Coming into this game, TCU QB Chandler Morris was 10/15 for 170 yards and 1 TD in seven games split between TCU and Oklahoma in his entire career. He more than tripled that total today alone, going 29/40 for 461 yards passing, added another 11 carries for 70 yards rushing, and with 2 TDs passing and another rushing, he dominated the #12 Bears in his first-career start and led TCU to its biggest win of the season. Morris made play after play against Baylor’s defense in becoming the first-ever TCU freshman QB to throw for 400 yards to the point that every time TCU did not put the ball in Morris’s hands, it was a win for Baylor; he was that good.
To call this game a potential “trap game” was the consummate understatement.
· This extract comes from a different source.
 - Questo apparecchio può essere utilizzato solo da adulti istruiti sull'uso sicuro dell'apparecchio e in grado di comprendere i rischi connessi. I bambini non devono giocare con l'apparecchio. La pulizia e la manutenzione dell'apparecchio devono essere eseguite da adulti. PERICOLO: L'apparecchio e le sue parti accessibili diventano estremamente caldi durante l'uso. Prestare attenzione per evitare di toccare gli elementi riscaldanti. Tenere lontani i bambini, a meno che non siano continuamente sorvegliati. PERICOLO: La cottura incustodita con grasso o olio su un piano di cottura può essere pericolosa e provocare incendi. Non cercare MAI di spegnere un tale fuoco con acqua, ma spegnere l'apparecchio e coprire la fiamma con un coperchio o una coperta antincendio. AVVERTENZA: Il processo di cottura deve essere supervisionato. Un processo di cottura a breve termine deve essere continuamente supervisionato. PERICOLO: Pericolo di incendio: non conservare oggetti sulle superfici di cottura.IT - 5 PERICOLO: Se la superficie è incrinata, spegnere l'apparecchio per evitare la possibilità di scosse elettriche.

All the warning signs were there—Baylor coming off a big win at home against Texas and going on the road, TCU firing its coach going into a big rivalry game and leaving coordinators coaching for their future jobs, and a talented backup getting a chance against a team that had little, if any, film on him. TCU had nothing to lose, while Baylor had a lot with the OU game coming up and a potential Big 12 Championship game berth in its sights. But that doesn’t explain the defense giving up third down after third down (TCU was 7/14) no matter what the yardage to gain was or the offense failing to gain the same (Baylor was 5/11) against a defense that had been vulnerable coming in. It also doesn’t explain all the penalties, and there were a ton for both teams, on both sides of the ball. Baylor just got outplayed—embarrassed—once again by a rival that has won 6 of the last 7 games between them. TCU outgained Baylor by 170 yards.
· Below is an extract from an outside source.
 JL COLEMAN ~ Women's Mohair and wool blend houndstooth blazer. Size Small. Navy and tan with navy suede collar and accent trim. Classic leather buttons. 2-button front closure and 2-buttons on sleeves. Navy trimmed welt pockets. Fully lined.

The game started out well enough from Baylor’s perspective with the Bears taking a 7-0 lead after the two teams’ opening series. But that was as good as it got for the Baylor offense through most of the first half, and while TCU racked up yards with Baylor just holding on, Baylor never looked like it found itself on either side, but especially the defense. We’ve talked about explosive plays being a concern week after week, but this was the game where that showed up as a fatal flaw. Baylor just could not stop TCU on third downs or get them off the field, leading to a situation where the Bears ultimately fell behind 30-21, scored, got the ball back after a missed field goal, and then couldn’t make it happen. Gerry Bohanon’s second interception of the day killed the comeback with a little over a minute to go.
The Bears are now 7-2 (4-2) on the season after the loss to TCU and will tumble in the rankings tomorrow with OU coming to town this week. TCU is rushing the field as I type this, and good for them—they deserve it.